Reducing the time between injury and lifesaving interventions is a critical factor in optimizing injury survival. He said, “Focusing not on the end game, but on getting the patient safely out of theatre and to the next level of care. This is really something that came into its own in the OIF/OEF era. At Landstuhl, in Germany, we would often receive critically injured soldiers within 24-48 hours of injuries sustained in remote Afghanistan. That is genuinely remarkable, especially in a historical context. These advances in the application and portability of truly advanced critical care assets have now gone mainstream.”
- Synthetic and battlefield-available blood products.
Scientists have been working for many decades to come up with an artificial substitute for blood and we might be closer than ever. “This could end up being a game-changer for trauma care,” added Dr. Vining.
In February 2020, The Geneva Foundation, in collaboration with Uniformed Services University, Safi Biosolutions, Sciperio, Advanced Bioprocess Services, Massachusetts General Hospital, Harvard Medical School, and the Food and Drug Administration, launched the 4D Bio3 On-Demand Blood Program to deliver on-demand blood and revolutionize military trauma care.
A proven leader and charter member of Geneva’s Scientific Advisory Board, Dr. Vining also stressed the importance of cultivating a culture of mentorship in military medical research.

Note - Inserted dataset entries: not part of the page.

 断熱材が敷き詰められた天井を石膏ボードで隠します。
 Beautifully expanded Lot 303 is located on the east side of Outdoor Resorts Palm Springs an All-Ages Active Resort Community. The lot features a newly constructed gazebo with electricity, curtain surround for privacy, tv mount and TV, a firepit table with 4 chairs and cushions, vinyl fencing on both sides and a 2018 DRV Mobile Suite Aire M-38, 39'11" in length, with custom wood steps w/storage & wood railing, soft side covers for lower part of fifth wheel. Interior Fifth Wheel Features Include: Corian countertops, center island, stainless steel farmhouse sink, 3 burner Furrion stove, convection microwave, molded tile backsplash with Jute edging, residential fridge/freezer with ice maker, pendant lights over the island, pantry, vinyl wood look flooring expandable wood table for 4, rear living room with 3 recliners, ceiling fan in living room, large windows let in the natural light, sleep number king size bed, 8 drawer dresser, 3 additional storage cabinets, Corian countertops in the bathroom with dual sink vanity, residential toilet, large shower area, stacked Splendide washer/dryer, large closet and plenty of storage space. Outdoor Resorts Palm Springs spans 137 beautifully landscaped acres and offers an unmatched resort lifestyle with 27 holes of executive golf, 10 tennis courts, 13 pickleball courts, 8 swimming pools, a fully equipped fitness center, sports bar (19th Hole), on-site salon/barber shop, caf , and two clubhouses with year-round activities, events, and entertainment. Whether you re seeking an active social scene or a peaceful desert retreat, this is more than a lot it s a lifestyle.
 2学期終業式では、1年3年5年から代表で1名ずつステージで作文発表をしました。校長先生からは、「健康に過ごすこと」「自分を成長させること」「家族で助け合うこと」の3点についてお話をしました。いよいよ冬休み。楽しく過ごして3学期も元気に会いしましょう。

Figuring out what questions matter, and then developing a thoughtful program to address these critical issues, are the keys to finding new ways to translate medical research on the battlefield, he reflected.
“We need senior researchers to pass along what they’ve learned to junior researchers. We have to find the common links that bond us together in order to make a difference in military medicine.”
Dr. Vining’s views do not represent the views of The Geneva Foundation or the Department of Defense.
“Once we formalized the notion that we should give every soldier a tourniquet to control bleeding, we studied it, and we proved the theory that it can unquestionably stop extremity hemorrhage and prevent loss of life.”
Neil Vining, MD, MBA
HIGHLIGHTS
- Dr. Vining's military medical background has given him a unique perspective on how civilian medicine practitioners can think more strategically and efficiently when it comes to practicing trauma care.
- Effective bleeding-control measures, improved resuscitation techniques, and aggressive critical care interventions helped save numerous lives in Iraq and Afghanistan.
- "Perhaps the biggest shift in critical care was the understanding there’s an advantage to not trying to do everything to the body at once. Overemphasizing surgical interventions, especially in an austere forward environment puts stressors on the body, often at the expense of judicious fluid management, thermoregulation and coagulation status.”